**Task inputs**:

#####

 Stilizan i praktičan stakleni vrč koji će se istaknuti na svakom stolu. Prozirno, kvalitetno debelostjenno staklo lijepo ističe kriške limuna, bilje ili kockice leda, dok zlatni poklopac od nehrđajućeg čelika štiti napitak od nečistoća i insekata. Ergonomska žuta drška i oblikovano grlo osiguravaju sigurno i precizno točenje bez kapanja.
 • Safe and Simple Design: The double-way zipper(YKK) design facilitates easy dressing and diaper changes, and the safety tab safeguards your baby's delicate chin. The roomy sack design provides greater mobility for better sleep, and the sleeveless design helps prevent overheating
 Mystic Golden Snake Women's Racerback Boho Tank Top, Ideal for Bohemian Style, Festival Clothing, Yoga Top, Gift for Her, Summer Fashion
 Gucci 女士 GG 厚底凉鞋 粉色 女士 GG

#####

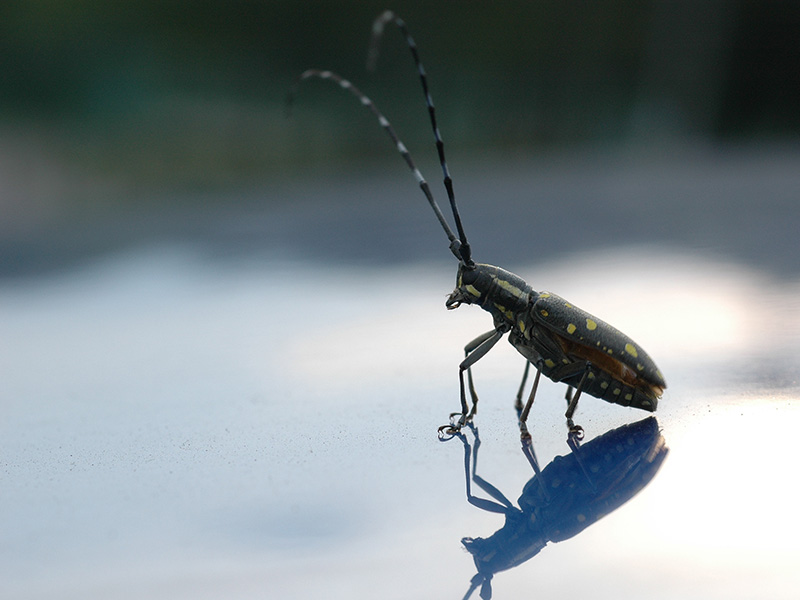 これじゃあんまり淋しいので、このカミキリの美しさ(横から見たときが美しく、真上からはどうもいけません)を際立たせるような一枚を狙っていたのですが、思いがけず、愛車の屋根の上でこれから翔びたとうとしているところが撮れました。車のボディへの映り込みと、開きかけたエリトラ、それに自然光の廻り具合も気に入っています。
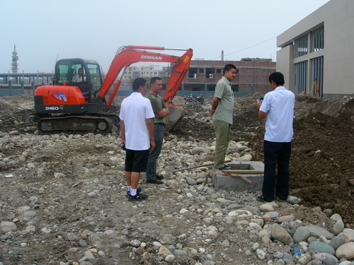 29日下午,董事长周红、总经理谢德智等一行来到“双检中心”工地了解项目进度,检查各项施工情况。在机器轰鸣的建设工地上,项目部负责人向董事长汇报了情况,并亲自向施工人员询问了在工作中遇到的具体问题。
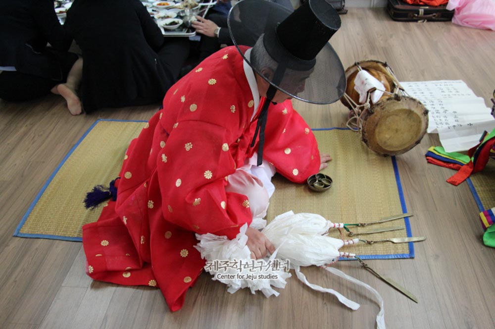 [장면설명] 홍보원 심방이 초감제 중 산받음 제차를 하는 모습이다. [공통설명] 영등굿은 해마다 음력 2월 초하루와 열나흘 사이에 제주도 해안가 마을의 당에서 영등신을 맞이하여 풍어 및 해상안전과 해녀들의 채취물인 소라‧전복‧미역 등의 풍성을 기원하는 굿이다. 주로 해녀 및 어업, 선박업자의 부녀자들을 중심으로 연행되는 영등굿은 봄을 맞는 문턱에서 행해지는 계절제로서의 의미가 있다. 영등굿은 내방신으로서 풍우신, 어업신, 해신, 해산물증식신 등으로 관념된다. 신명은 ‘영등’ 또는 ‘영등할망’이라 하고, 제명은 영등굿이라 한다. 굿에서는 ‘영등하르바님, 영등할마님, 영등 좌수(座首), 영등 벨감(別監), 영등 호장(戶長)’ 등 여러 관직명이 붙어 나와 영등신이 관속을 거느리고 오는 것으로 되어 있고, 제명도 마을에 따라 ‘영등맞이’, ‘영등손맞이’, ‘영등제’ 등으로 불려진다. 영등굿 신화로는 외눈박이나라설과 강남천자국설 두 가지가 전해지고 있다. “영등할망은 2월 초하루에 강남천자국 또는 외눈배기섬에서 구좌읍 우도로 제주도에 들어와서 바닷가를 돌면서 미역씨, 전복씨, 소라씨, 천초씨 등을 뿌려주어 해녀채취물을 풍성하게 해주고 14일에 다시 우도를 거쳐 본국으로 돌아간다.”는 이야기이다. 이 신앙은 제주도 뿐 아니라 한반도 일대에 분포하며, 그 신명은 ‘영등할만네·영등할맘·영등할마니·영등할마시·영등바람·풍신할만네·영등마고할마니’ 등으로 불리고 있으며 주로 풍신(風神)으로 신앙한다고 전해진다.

#####

**Work required**: Starting at the line with "Mystic Golden Snake" and ending at the line with "Gucci 女士 GG 厚底凉鞋 粉色 女士 GG", print each line of the listing above exactly, with no other lines.

**Written response**:
 Mystic Golden Snake Women's Racerback Boho Tank Top, Ideal for Bohemian Style, Festival Clothing, Yoga Top, Gift for Her, Summer Fashion
 Gucci 女士 GG 厚底凉鞋 粉色 女士 GG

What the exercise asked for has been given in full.